** Recorded data follows **

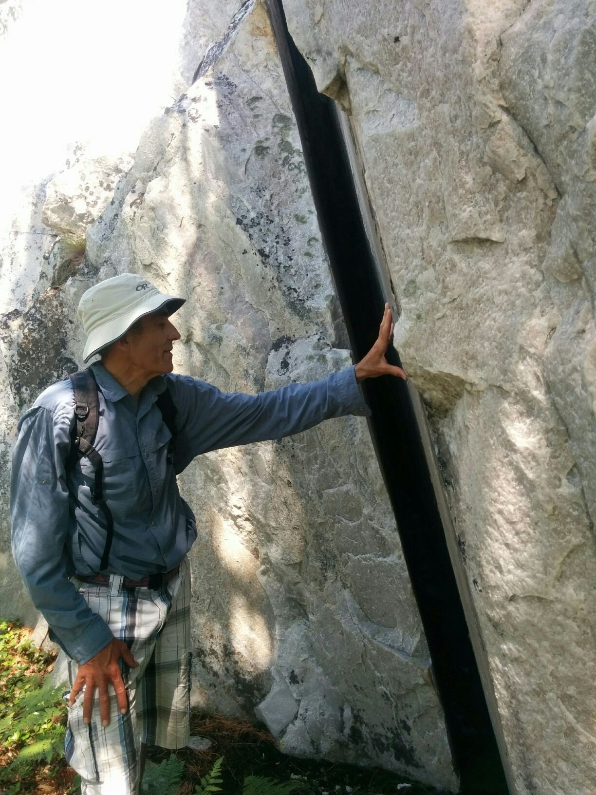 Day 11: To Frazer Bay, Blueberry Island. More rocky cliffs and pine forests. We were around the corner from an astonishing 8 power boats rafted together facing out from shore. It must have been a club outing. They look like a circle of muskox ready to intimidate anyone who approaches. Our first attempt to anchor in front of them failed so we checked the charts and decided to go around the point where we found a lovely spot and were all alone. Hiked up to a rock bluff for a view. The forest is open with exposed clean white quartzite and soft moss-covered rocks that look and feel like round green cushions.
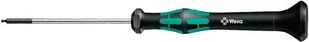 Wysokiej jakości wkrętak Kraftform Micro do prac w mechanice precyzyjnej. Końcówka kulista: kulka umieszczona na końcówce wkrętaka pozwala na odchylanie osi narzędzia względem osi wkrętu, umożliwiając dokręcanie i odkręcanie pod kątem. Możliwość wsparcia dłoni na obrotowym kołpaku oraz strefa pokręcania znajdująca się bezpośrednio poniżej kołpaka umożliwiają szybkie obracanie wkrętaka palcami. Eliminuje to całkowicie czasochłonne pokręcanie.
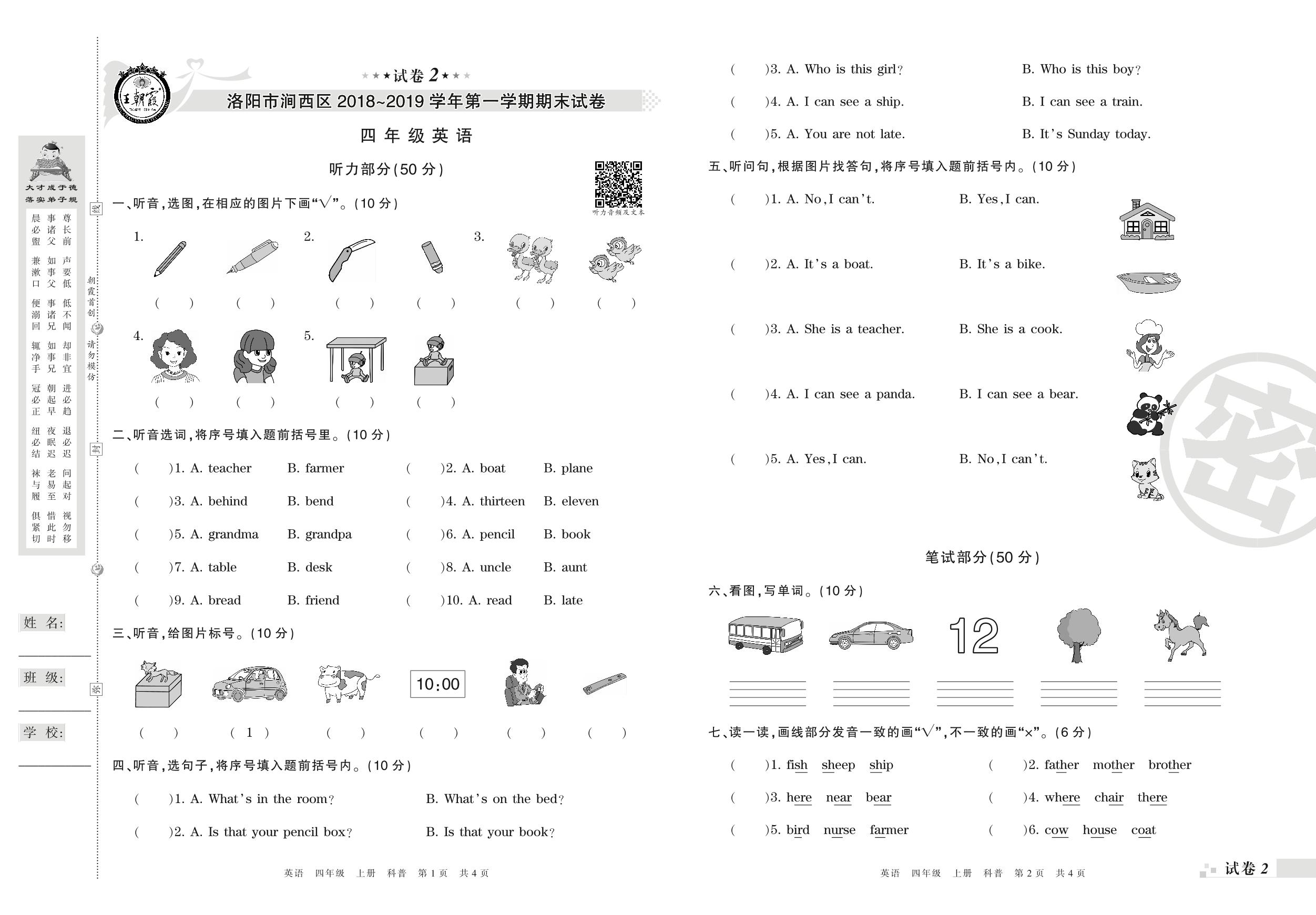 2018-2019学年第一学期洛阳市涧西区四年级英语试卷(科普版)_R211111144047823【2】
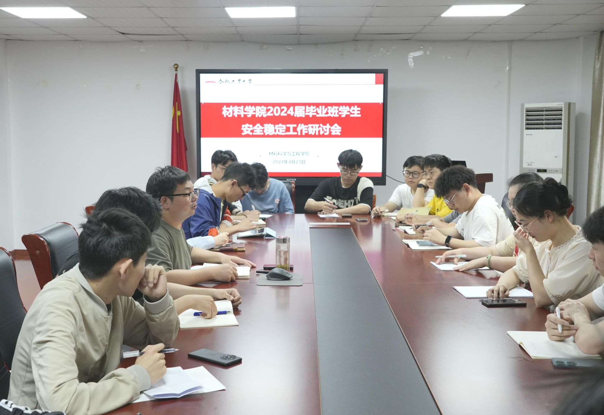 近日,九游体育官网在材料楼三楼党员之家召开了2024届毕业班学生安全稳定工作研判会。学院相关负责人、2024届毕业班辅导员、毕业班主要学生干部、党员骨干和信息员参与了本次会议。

** End of Recorded data **

Beginning with the line containing "2018-2019学年第一学" and ending with the last line of the listing above, output those lines exactly as written, without pictures.

* _Exercise solution_
 2018-2019学年第一学期洛阳市涧西区四年级英语试卷(科普版)_R211111144047823【2】
 近日,九游体育官网在材料楼三楼党员之家召开了2024届毕业班学生安全稳定工作研判会。学院相关负责人、2024届毕业班辅导员、毕业班主要学生干部、党员骨干和信息员参与了本次会议。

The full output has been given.